═══ Data below

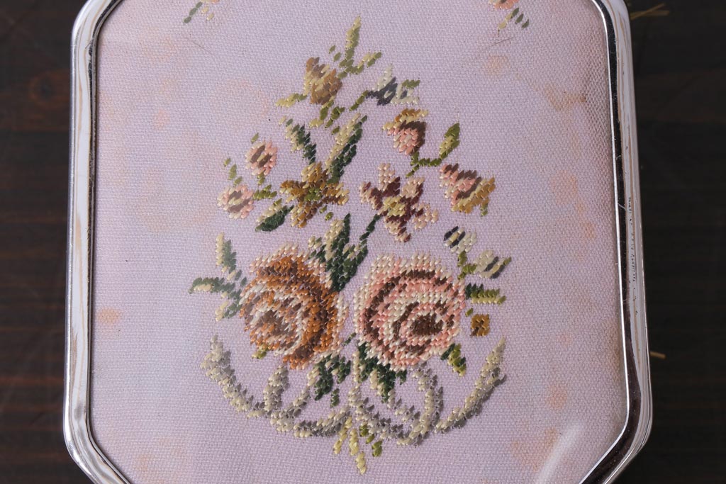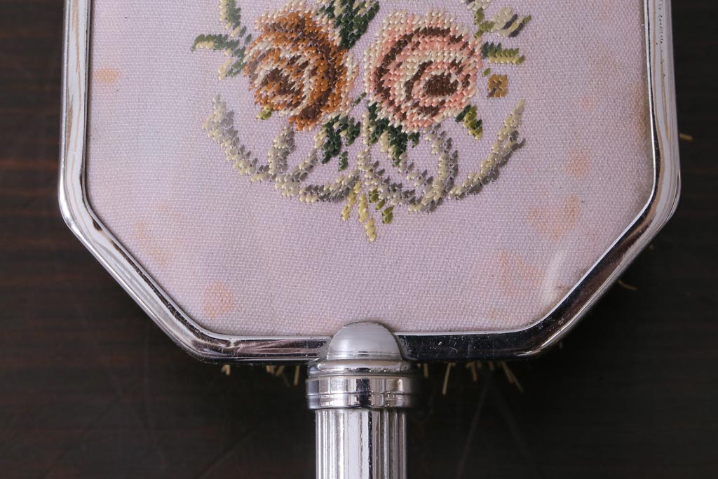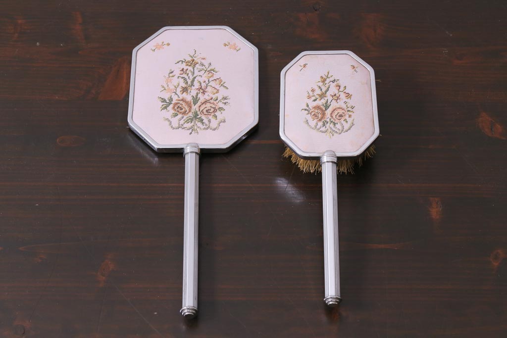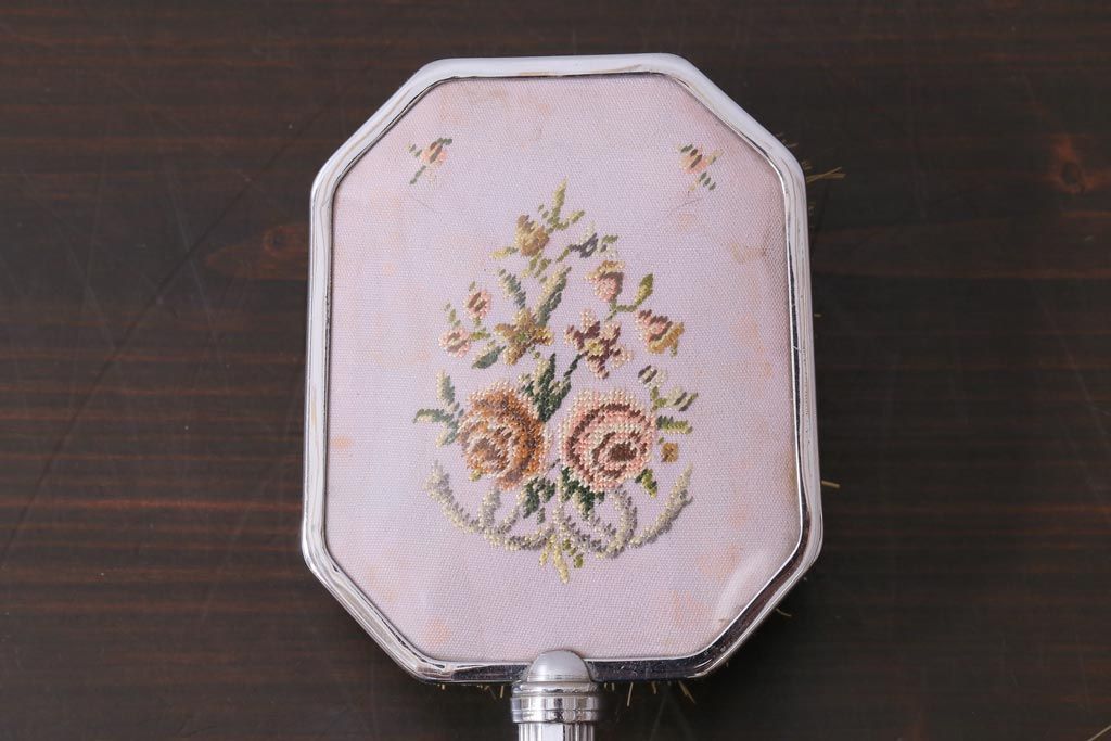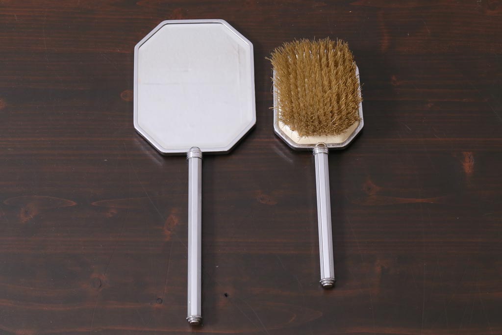 アンティーク雑貨 イギリスアンティーク 箱付き プチ・ポワンのブラシとハンドミラー2点セット
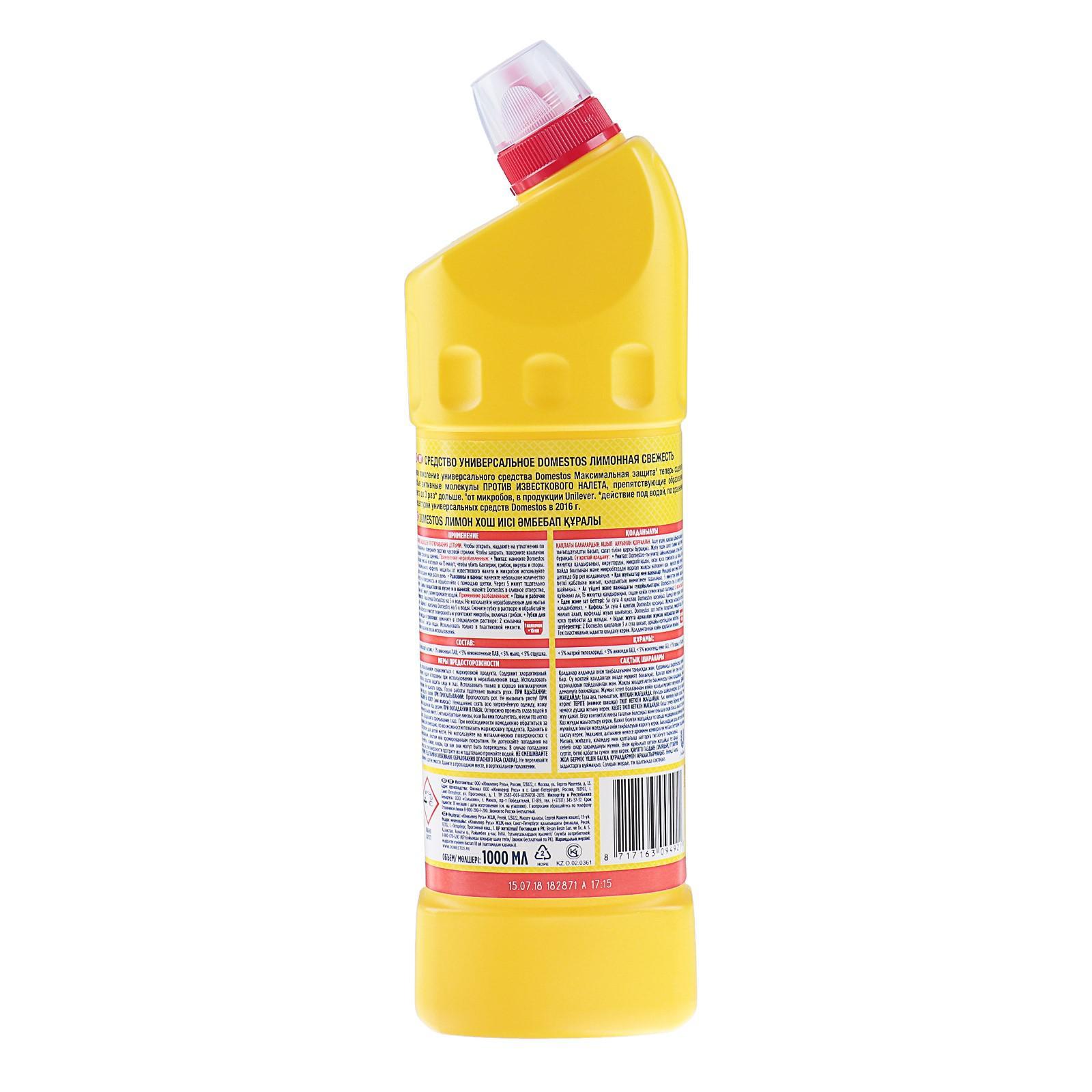 Чистящее средство domestos "лимонная свежесть", универсальное, 1 л. Универсальное средство для удаления загрязнений с различных поверхностей. Обладает дезинфицирующим и отбеливающим эффектом. Средство Domestos универсально и подойдет для уборки всего дома. В неразбавленном виде средство можно использовать для очищения и дезинфекции унитаза, ванны, раковины, стоков и сливов, а в разбавленном - для мытья множества поверхностей (пол, кафельные поверхности, плитка, рабочие поверхности на кухне, мусорные ведра) и даже для отбеливания белья и тканей. Универсальное средство Domestos подходит для септиков. Ознакомьтесь с инструкцией по применению для каждого вида поверхностей. Благодаря особой формуле с дезинфицирующим эффектом и чистящими компонентами, Domestos убивает все известные микробы, максимально отчищает грязь и устраняет неприятные запахи. Уникальная формула геля Domestos предотвращает появление известкового налета. Густая текстура геля Domestos обеспечивает гарантированное очищение и убивает бактерии, грибки, вирусы и споры. Изогнутый дозатор обеспечит удобство использования. Регулярно используйте Domestos для постоянной чистоты и белизны туалета и других поверхностей, а также для защиты семьи от микробов. Универсальное средство Domestos экономично и быстро обеспечивает длительное действие и защиту. Тысячи лабораторных тестов каждую неделю подтверждают, Domestos - непобедимый. Безжалостное уничтожение микробов обеспечит дезинфекцию и чистоту в доме. Вес, г/Объём, мл: 1000 Назначение: Универсальное Эффект: Дезинфицирующее Эффект: Очищение  развернуть описание ▼
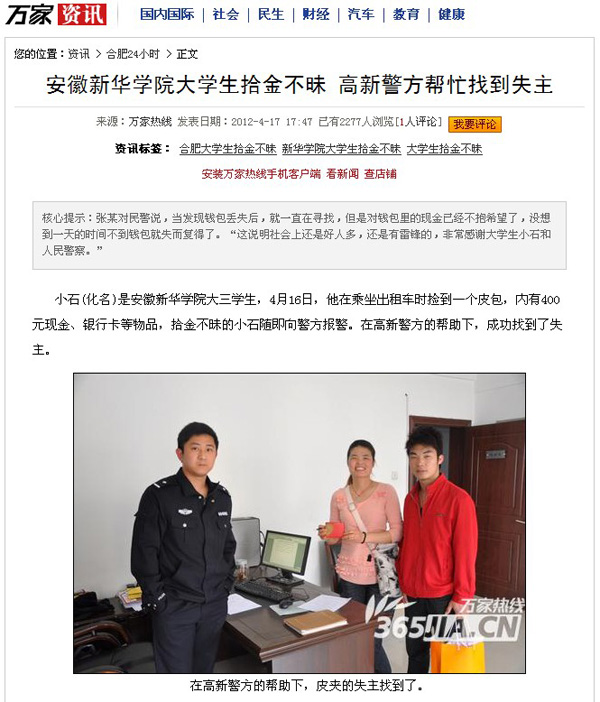 万家资讯报道WilliamHill官网大学生拾金不昧
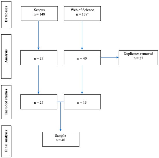 This systematic review followed a qualitative analysis that considered a set of criteria allowing us to extract data that corresponded to our objective. We used Scopus and Web of Science databases to examine the literature. The research focused between 2017 and 2021. We selected our data from the year 2017 because the literature considers that the phenomenon of contemporary fake news arose during the 2016 US elections. We did not include the year 2016 in the data search in order to filter contemporary fake news. Literature published before and even in 2016 associates the phenomenon of fake news with political satire (; ; . Previously, fake news was part of entertainment television programs (). Studies that focused on defining the new phenomenon began to emerge post-2016 (see ; ; ). We searched for publications that included the term “fake news” related to “political ideology”, “partisanship”, “left-wing”, “right-wing”, “liberal”, and “conservative” in the article titles, abstracts, and keywords. The focus of our research was on articles written in English, limited to a selection of those that had the United States or the European continent as their subject. We searched the literature in the Web of Science database and double-checked with Scopus database. Regarding the Web of Science database, we found that many articles have already been included in our Scopus selection. Our final sample consists of 40 articles (Figure 1).

══════

What the task requires = Copy the lines above exactly. Do not include pictures.

Solution =
 アンティーク雑貨 イギリスアンティーク 箱付き プチ・ポワンのブラシとハンドミラー2点セット
 Чистящее средство domestos "лимонная свежесть", универсальное, 1 л. Универсальное средство для удаления загрязнений с различных поверхностей. Обладает дезинфицирующим и отбеливающим эффектом. Средство Domestos универсально и подойдет для уборки всего дома. В неразбавленном виде средство можно использовать для очищения и дезинфекции унитаза, ванны, раковины, стоков и сливов, а в разбавленном - для мытья множества поверхностей (пол, кафельные поверхности, плитка, рабочие поверхности на кухне, мусорные ведра) и даже для отбеливания белья и тканей. Универсальное средство Domestos подходит для септиков. Ознакомьтесь с инструкцией по применению для каждого вида поверхностей. Благодаря особой формуле с дезинфицирующим эффектом и чистящими компонентами, Domestos убивает все известные микробы, максимально отчищает грязь и устраняет неприятные запахи. Уникальная формула геля Domestos предотвращает появление известкового налета. Густая текстура геля Domestos обеспечивает гарантированное очищение и убивает бактерии, грибки, вирусы и споры. Изогнутый дозатор обеспечит удобство использования. Регулярно используйте Domestos для постоянной чистоты и белизны туалета и других поверхностей, а также для защиты семьи от микробов. Универсальное средство Domestos экономично и быстро обеспечивает длительное действие и защиту. Тысячи лабораторных тестов каждую неделю подтверждают, Domestos - непобедимый. Безжалостное уничтожение микробов обеспечит дезинфекцию и чистоту в доме. Вес, г/Объём, мл: 1000 Назначение: Универсальное Эффект: Дезинфицирующее Эффект: Очищение  развернуть описание ▼
 万家资讯报道WilliamHill官网大学生拾金不昧
 This systematic review followed a qualitative analysis that considered a set of criteria allowing us to extract data that corresponded to our objective. We used Scopus and Web of Science databases to examine the literature. The research focused between 2017 and 2021. We selected our data from the year 2017 because the literature considers that the phenomenon of contemporary fake news arose during the 2016 US elections. We did not include the year 2016 in the data search in order to filter contemporary fake news. Literature published before and even in 2016 associates the phenomenon of fake news with political satire (; ; . Previously, fake news was part of entertainment television programs (). Studies that focused on defining the new phenomenon began to emerge post-2016 (see ; ; ). We searched for publications that included the term “fake news” related to “political ideology”, “partisanship”, “left-wing”, “right-wing”, “liberal”, and “conservative” in the article titles, abstracts, and keywords. The focus of our research was on articles written in English, limited to a selection of those that had the United States or the European continent as their subject. We searched the literature in the Web of Science database and double-checked with Scopus database. Regarding the Web of Science database, we found that many articles have already been included in our Scopus selection. Our final sample consists of 40 articles (Figure 1).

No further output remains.